# Required action:
Once the line containing "活动现场,我校及其他高校与建" is found in the data below, repeat it and every later line exactly, leaving the pictures out.

# Information shown:
· · · ·

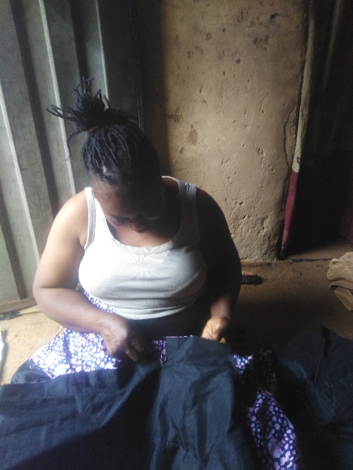 An adult female, with dark skin and dark dreadlocks styled into an upward bun, is shown from an overhead perspective, seated or kneeling on a floor. She is wearing a white, ribbed tank top and is focused downwards, manipulating two pieces of fabric with her hands: one solid black and another featuring a purple and white patterned design. The background consists of two distinct wall types: to the left, a corrugated metal surface with vertical ridges, and to the right, a textured, earthy-brown wall, possibly plaster or mud. A vertical strip of dark red fabric is visible against the right wall. The setting is an interior, dimly lit space. The location is Unknown, Unknown.
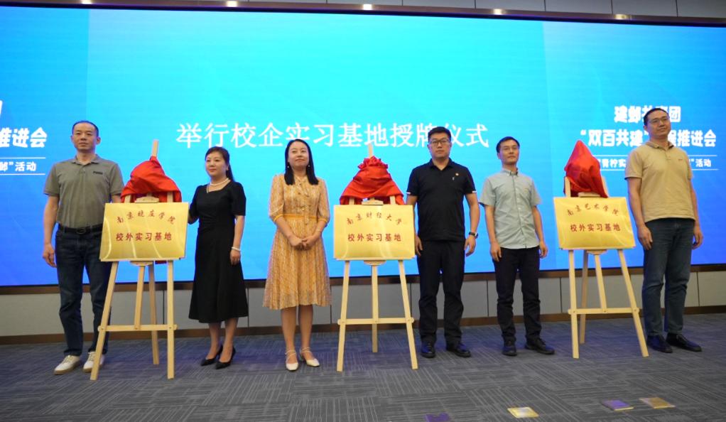 活动现场,我校及其他高校与建邺团区委进行共青团系统“双百共建”工程项目合作协议签约。随后,我校与苏宁银行股份有限公司等校企合作组举行了校外实习基地授牌仪式。
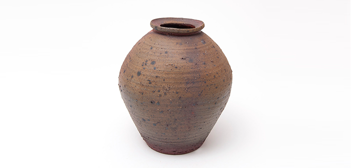 Foto: Shikamaru Takeshita, “Vase”, Cerámica “Nanban”, estilo “Tanegashima”, 2017, 21,6 × 17,8 cm. Gres, cocción de leña.

· · · ·

# Answer section:
 活动现场,我校及其他高校与建邺团区委进行共青团系统“双百共建”工程项目合作协议签约。随后,我校与苏宁银行股份有限公司等校企合作组举行了校外实习基地授牌仪式。
 Foto: Shikamaru Takeshita, “Vase”, Cerámica “Nanban”, estilo “Tanegashima”, 2017, 21,6 × 17,8 cm. Gres, cocción de leña.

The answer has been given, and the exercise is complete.